**WORK TASK:** Every record below should be printed again exactly, with its pictures removed.

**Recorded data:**
+++
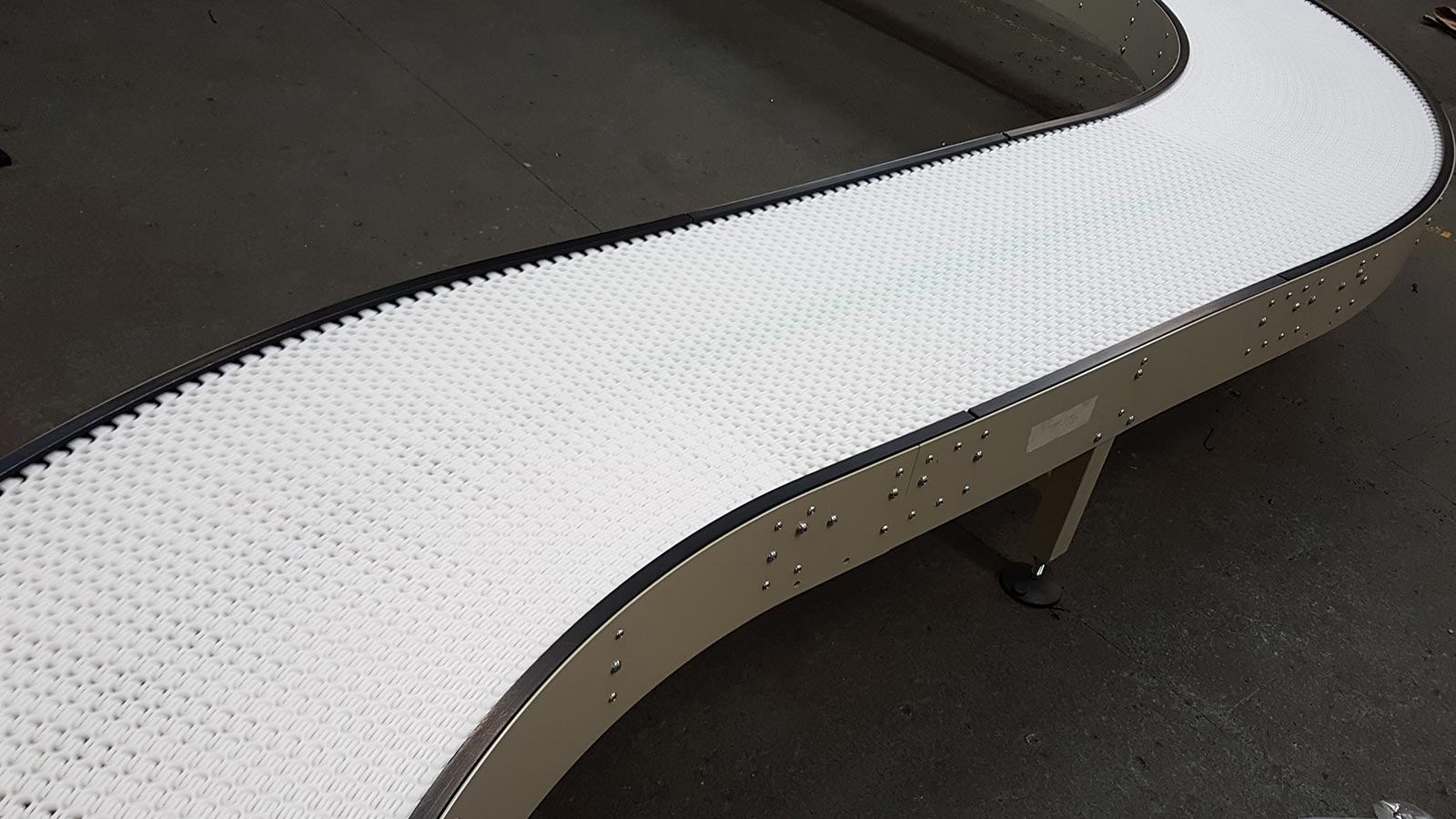 Le principal avantage des bandes transporteuses modulaires en plastique réside dans leur capacité à combiner des sections droites avec des courbes de rayons variables, permettant ainsi de réaliser plusieurs changements de direction au sein d'un même convoyeur. Une telle combinaison est soit trop coûteuse, soit tout simplement impossible avec les bandes transporteuses traditionnelles en PVC renforcé ou en tissu. Parmi leurs autres atouts, on peut citer leur robustesse, leur utilisation possible en milieu humide et leur facilité de réparation. En cas de dommage ou d'usure, il suffit de remplacer quelques sections en plastique et axes de liaison, ce qui permet de ne rénover que la partie endommagée ou usée de la bande, sans avoir à remplacer la bande entière.
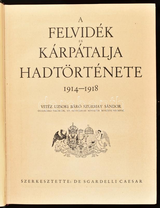 A Felvidék és Kárpátalja hadtörténete. 1914-1918. Vitéz uzsoki Báró Szurmay Sándor bevezetÅ‘ soraival. Szerk.: De Sgardelli Caesar. Bp.,(1940), Athenaeum, 1 t. (Horthy Miklós szÃnes portréja, cÃmkép)+441 p. Szövegközti fekete-fehér fotókkal, térképekkel illusztrálva. A 289-379. oldal között a tisztek és tisztjelöltek névsorával, életrajzukkal, a 381-441. oldal között a tisztek és tisztjelöltek fekete-fehér fotóival. Kiadói aranyozott egészvászon-kötés, szép, gyűjtÅ‘i állapotban.
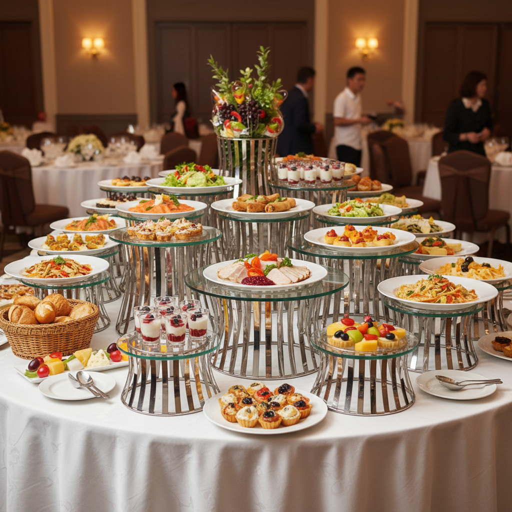 Chân Để Inox Décor SN#520509: Giải Pháp Trình Bày Tinh Tế Cho Không Gian Tiệc Buffet Đẳng Cấp
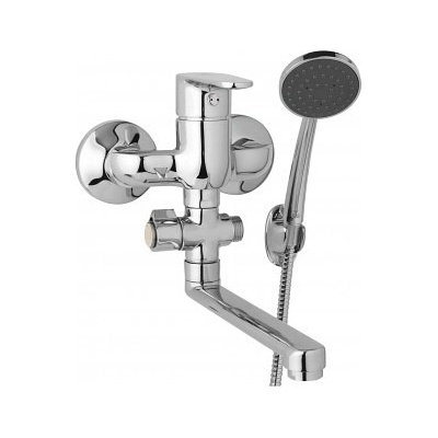 JB SANITARY D10 32 11 TIRA Nástěnná umyvadlová a sprchová baterie s ramínkem 300 mm, rozteč 100 mm - otočný přepínač - s příslušenstvím: nerezová hadice dvouzámková 150cm, pevný...
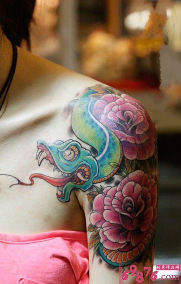 创意清蝰蛇与玫瑰霸气纹身图片
+++
**TASK ANSWER:**
 Le principal avantage des bandes transporteuses modulaires en plastique réside dans leur capacité à combiner des sections droites avec des courbes de rayons variables, permettant ainsi de réaliser plusieurs changements de direction au sein d'un même convoyeur. Une telle combinaison est soit trop coûteuse, soit tout simplement impossible avec les bandes transporteuses traditionnelles en PVC renforcé ou en tissu. Parmi leurs autres atouts, on peut citer leur robustesse, leur utilisation possible en milieu humide et leur facilité de réparation. En cas de dommage ou d'usure, il suffit de remplacer quelques sections en plastique et axes de liaison, ce qui permet de ne rénover que la partie endommagée ou usée de la bande, sans avoir à remplacer la bande entière.
 A Felvidék és Kárpátalja hadtörténete. 1914-1918. Vitéz uzsoki Báró Szurmay Sándor bevezetÅ‘ soraival. Szerk.: De Sgardelli Caesar. Bp.,(1940), Athenaeum, 1 t. (Horthy Miklós szÃnes portréja, cÃmkép)+441 p. Szövegközti fekete-fehér fotókkal, térképekkel illusztrálva. A 289-379. oldal között a tisztek és tisztjelöltek névsorával, életrajzukkal, a 381-441. oldal között a tisztek és tisztjelöltek fekete-fehér fotóival. Kiadói aranyozott egészvászon-kötés, szép, gyűjtÅ‘i állapotban.
 Chân Để Inox Décor SN#520509: Giải Pháp Trình Bày Tinh Tế Cho Không Gian Tiệc Buffet Đẳng Cấp
 JB SANITARY D10 32 11 TIRA Nástěnná umyvadlová a sprchová baterie s ramínkem 300 mm, rozteč 100 mm - otočný přepínač - s příslušenstvím: nerezová hadice dvouzámková 150cm, pevný...
 创意清蝰蛇与玫瑰霸气纹身图片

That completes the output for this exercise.